= EXTRACTED INFORMATION =
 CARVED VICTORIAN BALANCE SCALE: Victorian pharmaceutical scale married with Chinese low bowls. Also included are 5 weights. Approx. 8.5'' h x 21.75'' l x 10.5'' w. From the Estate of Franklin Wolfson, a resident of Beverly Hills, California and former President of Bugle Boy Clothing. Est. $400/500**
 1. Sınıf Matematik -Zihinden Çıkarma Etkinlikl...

* * *

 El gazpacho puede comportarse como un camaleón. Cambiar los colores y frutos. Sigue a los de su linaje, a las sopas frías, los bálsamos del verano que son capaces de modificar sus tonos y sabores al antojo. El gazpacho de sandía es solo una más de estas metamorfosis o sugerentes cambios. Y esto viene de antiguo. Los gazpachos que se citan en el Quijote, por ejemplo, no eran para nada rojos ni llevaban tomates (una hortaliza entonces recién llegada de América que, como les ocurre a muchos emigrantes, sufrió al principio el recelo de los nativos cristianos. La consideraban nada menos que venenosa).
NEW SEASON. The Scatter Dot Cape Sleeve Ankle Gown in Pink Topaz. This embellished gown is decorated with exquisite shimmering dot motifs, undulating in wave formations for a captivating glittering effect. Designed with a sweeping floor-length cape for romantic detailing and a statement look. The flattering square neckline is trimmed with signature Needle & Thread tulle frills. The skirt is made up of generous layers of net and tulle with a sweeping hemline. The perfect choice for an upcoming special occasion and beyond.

--

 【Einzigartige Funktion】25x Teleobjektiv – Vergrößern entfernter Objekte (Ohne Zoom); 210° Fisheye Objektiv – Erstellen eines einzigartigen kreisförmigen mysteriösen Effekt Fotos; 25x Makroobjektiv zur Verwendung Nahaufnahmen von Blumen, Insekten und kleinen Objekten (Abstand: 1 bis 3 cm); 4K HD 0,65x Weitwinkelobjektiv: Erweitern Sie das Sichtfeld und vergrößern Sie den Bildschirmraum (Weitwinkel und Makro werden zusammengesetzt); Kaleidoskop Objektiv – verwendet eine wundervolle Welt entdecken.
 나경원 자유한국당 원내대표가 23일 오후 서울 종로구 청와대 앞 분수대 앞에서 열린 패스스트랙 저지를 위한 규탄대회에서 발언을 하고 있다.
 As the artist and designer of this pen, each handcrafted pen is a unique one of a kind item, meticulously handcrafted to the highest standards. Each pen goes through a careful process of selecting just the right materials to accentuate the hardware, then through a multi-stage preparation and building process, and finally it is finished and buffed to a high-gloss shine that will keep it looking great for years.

= TASK DETAILS =
Copy out each line from the preceding entries that mentions the word "with".

= EXERCISE ANSWER =
 CARVED VICTORIAN BALANCE SCALE: Victorian pharmaceutical scale married with Chinese low bowls. Also included are 5 weights. Approx. 8.5'' h x 21.75'' l x 10.5'' w. From the Estate of Franklin Wolfson, a resident of Beverly Hills, California and former President of Bugle Boy Clothing. Est. $400/500**
NEW SEASON. The Scatter Dot Cape Sleeve Ankle Gown in Pink Topaz. This embellished gown is decorated with exquisite shimmering dot motifs, undulating in wave formations for a captivating glittering effect. Designed with a sweeping floor-length cape for romantic detailing and a statement look. The flattering square neckline is trimmed with signature Needle & Thread tulle frills. The skirt is made up of generous layers of net and tulle with a sweeping hemline. The perfect choice for an upcoming special occasion and beyond.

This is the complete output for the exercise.